Work task: Give the lines again exactly as they appear below, from the line with "A la pregunta" to the line with "그런데 한쪽에는 독일 수상 메르켈 이 얼굴을 찌푸리고.....", both included, and only those lines. Leave every picture out.

Recorded information:
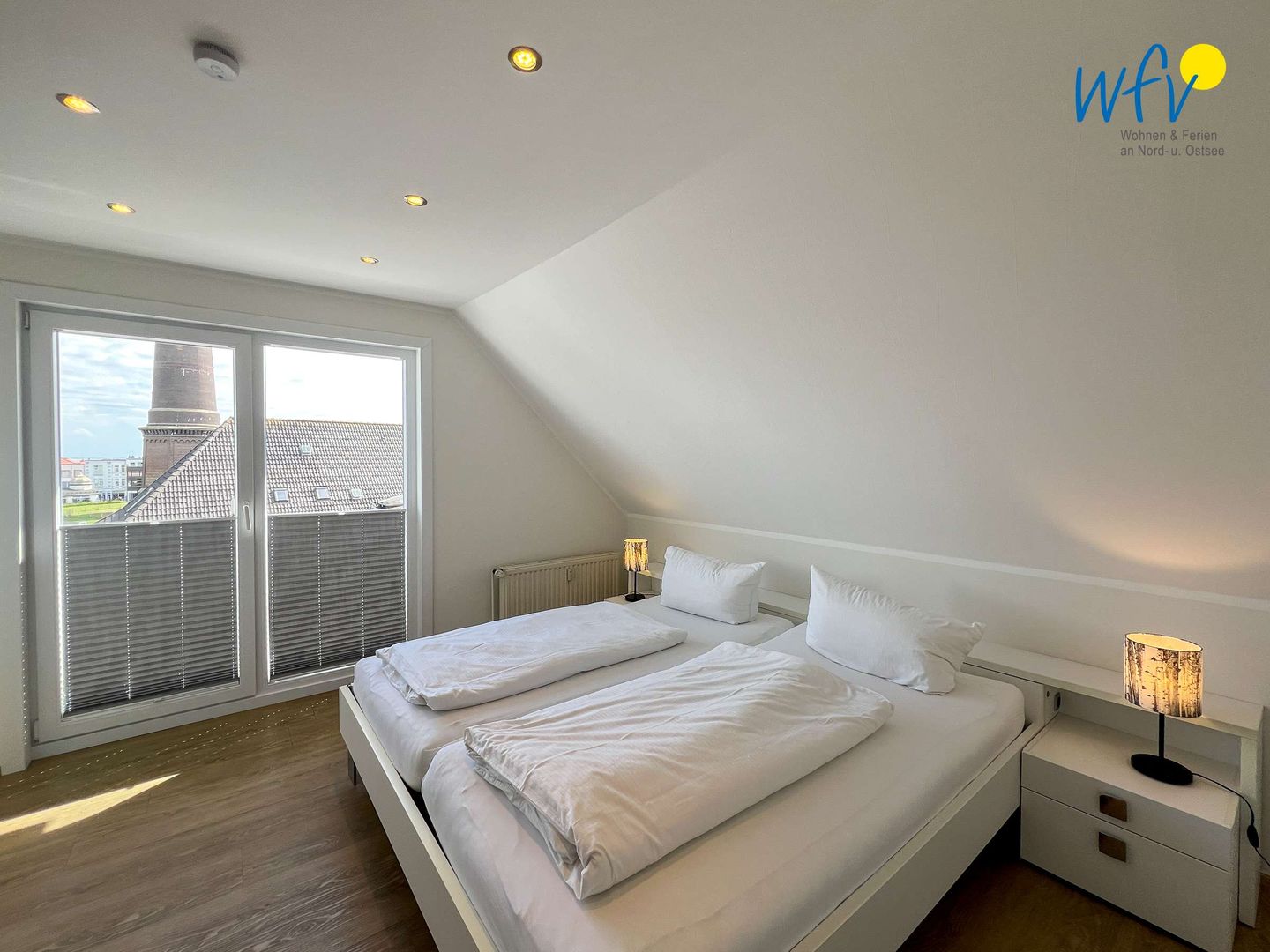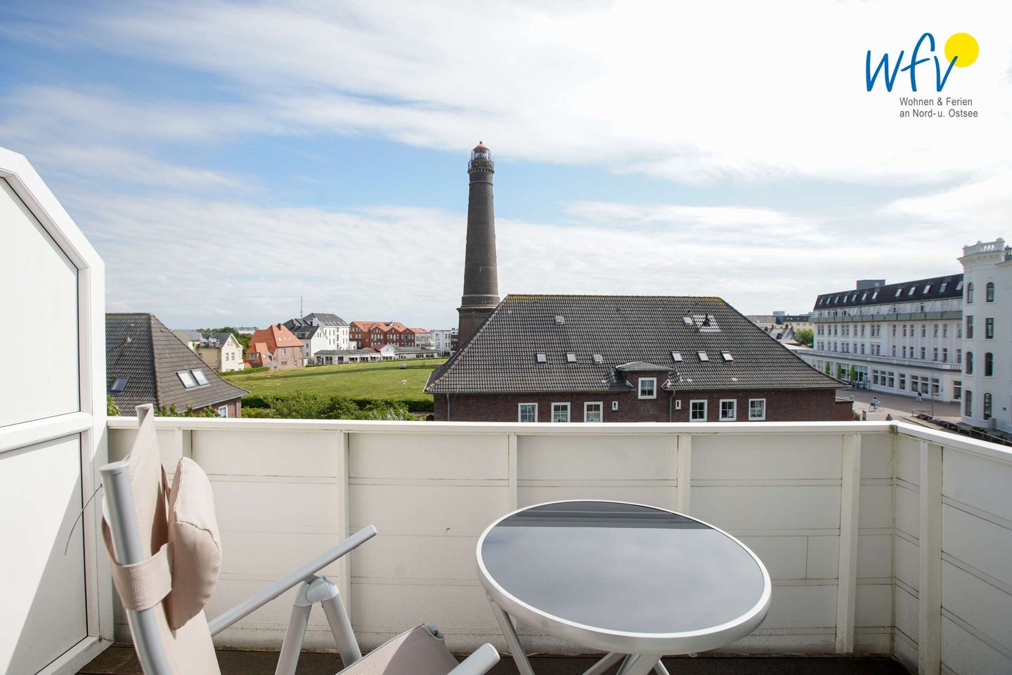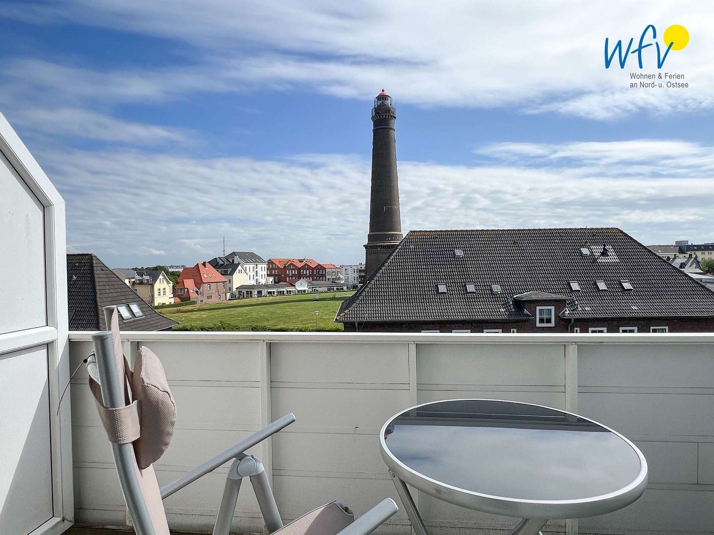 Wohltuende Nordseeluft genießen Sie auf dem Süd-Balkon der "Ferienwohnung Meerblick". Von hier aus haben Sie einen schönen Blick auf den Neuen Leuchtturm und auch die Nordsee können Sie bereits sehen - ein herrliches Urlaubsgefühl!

...

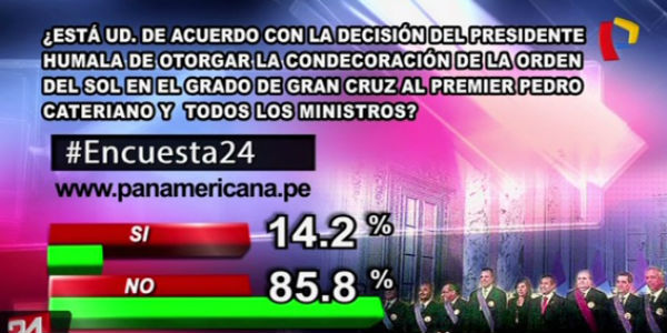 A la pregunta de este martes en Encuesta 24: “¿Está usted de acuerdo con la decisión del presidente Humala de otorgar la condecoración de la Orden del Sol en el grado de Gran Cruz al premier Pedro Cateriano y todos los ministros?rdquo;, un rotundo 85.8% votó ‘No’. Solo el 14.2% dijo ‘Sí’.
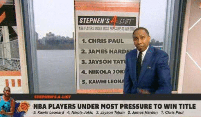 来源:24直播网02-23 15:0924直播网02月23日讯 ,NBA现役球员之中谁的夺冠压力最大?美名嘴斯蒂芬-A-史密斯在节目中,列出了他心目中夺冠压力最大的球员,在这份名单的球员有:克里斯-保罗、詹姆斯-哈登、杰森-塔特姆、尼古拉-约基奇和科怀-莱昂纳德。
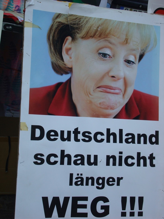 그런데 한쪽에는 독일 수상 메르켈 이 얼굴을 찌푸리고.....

Written answer:
 A la pregunta de este martes en Encuesta 24: “¿Está usted de acuerdo con la decisión del presidente Humala de otorgar la condecoración de la Orden del Sol en el grado de Gran Cruz al premier Pedro Cateriano y todos los ministros?rdquo;, un rotundo 85.8% votó ‘No’. Solo el 14.2% dijo ‘Sí’.
 来源:24直播网02-23 15:0924直播网02月23日讯 ,NBA现役球员之中谁的夺冠压力最大?美名嘴斯蒂芬-A-史密斯在节目中,列出了他心目中夺冠压力最大的球员,在这份名单的球员有:克里斯-保罗、詹姆斯-哈登、杰森-塔特姆、尼古拉-约基奇和科怀-莱昂纳德。
 그런데 한쪽에는 독일 수상 메르켈 이 얼굴을 찌푸리고.....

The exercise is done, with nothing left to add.